2. Pinned Worker Task Flow¶

Pinned Worker handles modification tasks, adopts "connection persistence" mode:

sequenceDiagram
    participant Client as Client
    participant Controller as Controller
    participant Manager as Manager
    participant Scheduler as Scheduler
    participant NodeWorker as Node Worker
    participant PinnedWorker as Pinned Worker
    participant Device as Network Device
    participant Redis as Redis Queue

    Client->>Controller: API Request
    Controller->>Manager: Process Task
    Manager->>Scheduler: Select Running Node
    Scheduler-->>Manager: Return Node Information

    alt Pinned Worker Doesn't Exist
        Manager->>NodeWorker: Create Pinned Worker
        NodeWorker->>PinnedWorker: Start New Process
        PinnedWorker->>Device: Establish SSH Connection
        Device-->>PinnedWorker: Connection Success
        Note over PinnedWorker: Connection Persistence
    else Pinned Worker Already Exists
        Note over Manager,PinnedWorker: Reuse Existing Worker
    end

    Manager->>Redis: Task Enqueue (Device Queue)
    Redis-->>Controller: Return Job ID
    Controller-->>Client: Immediately Return Job ID

    Note over Redis,PinnedWorker: Asynchronous Execution
    Redis->>PinnedWorker: Task Distribution
    PinnedWorker->>Device: Execute Command (Reuse Connection)
    Device-->>PinnedWorker: Return Result
    PinnedWorker->>Redis: Store Result
    Note over PinnedWorker: Keep Connection, Wait for Next Task

    Client->>Controller: Query Task Status
    Controller->>Redis: Get Result
    Redis-->>Controller: Return Result
    Controller-->>Client: Return Task Result

Technical Features¶

NetPulse improves system performance, availability, and scalability through the following three core designs:

Feature Dimension	Core Feature	Actual Effect
Performance Optimization	Persistent SSH Connection	In frequent operation scenarios, can reduce connection establishment time, improve response speed
Availability	Distributed Multi-Node Architecture	Supports multi-node deployment, when single point fails, can continue service through other nodes
Scalability	Plugin Architecture	Extend functionality through plugin mechanism, no need to modify core code

Performance Optimization: Persistent Connection Technology¶

Background: Traditional methods need to establish new connection for each operation, connection establishment process usually takes 2-5 seconds.

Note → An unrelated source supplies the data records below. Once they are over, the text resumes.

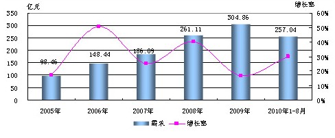 圖表 2005-2010年我國新型建筑加固材料行業(yè)需求及增長對(duì)比
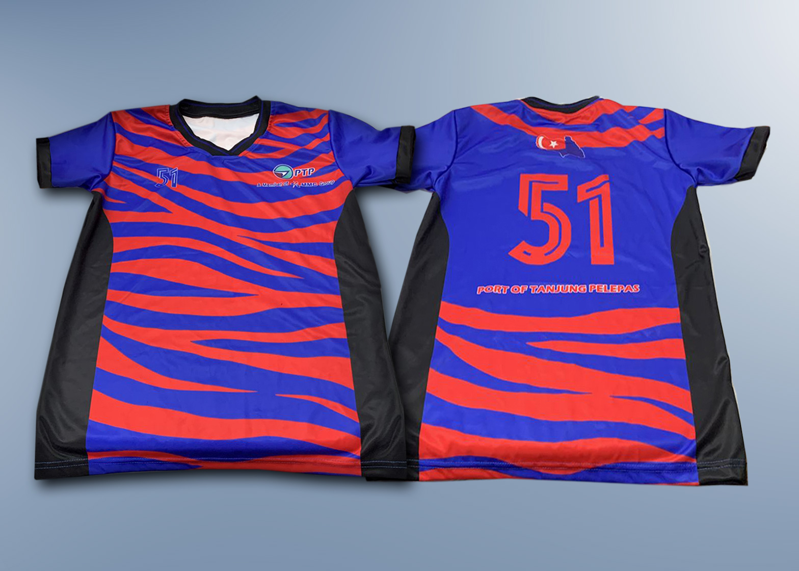 The sports featured in the extravaganza include Volleyball, Football, and Badminton, offering a diverse range of activities to engage all participants. Sporting the colors of the Johor state flag, with Red and Blue hues, the Port of Tanjung Pelepas (PTP) sport jerseys are made from 100% microfiber polyester, ensuring comfort and performance in various weather conditions.
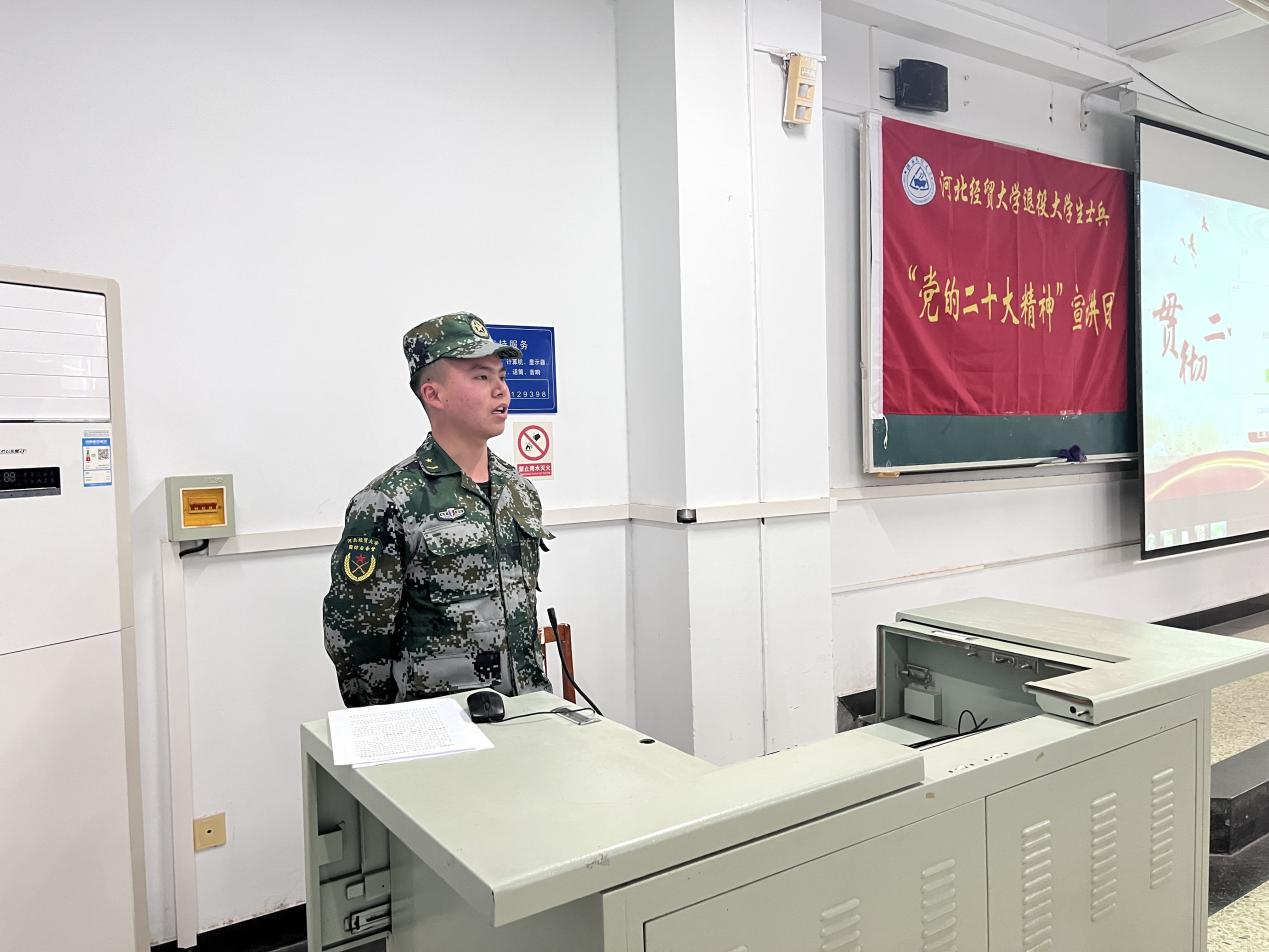 首先,张文婧从国家安全教育日设立背景、国家安全基本内容、国家安全重要性等方面进行阐述。国家安全人人有责,国家安全是安邦定国的重要基石,维护国家安全是全国各族人民的根本利益所在,我们要树牢总体国家安全观,感悟时代国家安全成就,同学们感悟颇深。接着,宣讲团成员黎秋君、范博文、宋光旭三位优秀大学生退役士兵依次进行宣讲。他们结合自身经历和身边真实故事对二十大精神进行深刻阐释,从自主支配自己的生活到一切行动听指挥,他们都表示两年的军营生活让自己不仅得到了锻炼,也收获了知识和深厚的战友情,“当兵后悔两年,不当兵后悔一辈子”,部队的经历成了他们一生中最珍贵的记忆。最后,张文婧召开大家作为新时代的青年,应该紧跟党的步伐、积极响应党的号召,发挥青年的积极性和创造性,让青年无悔于这个伟大的时代。

Implementation: Pinned Worker maintains persistent SSH connection with device, reuses connection to execute tasks.

Effect: - In scenarios where the same device is frequently operated, can avoid overhead of repeated connection establishment - Actual performance improvement depends on network environment, device response speed, and other factors - Helps improve connection success rate (reduce failures that may be caused by frequent connections) - Reduce resource consumption (reduce overhead of connection establishment)

Availability: Distributed Architecture Design¶

Core Capabilities: - Multi-Node Deployment: Supports multi-Controller, multi-Worker node deployment - Fault Handling: When Worker fails, cleanup and reassignment will be performed - State Synchronization: Multi-node state synchronization based on Redis

Deployment Methods: Supports Docker Compose and Kubernetes deployment.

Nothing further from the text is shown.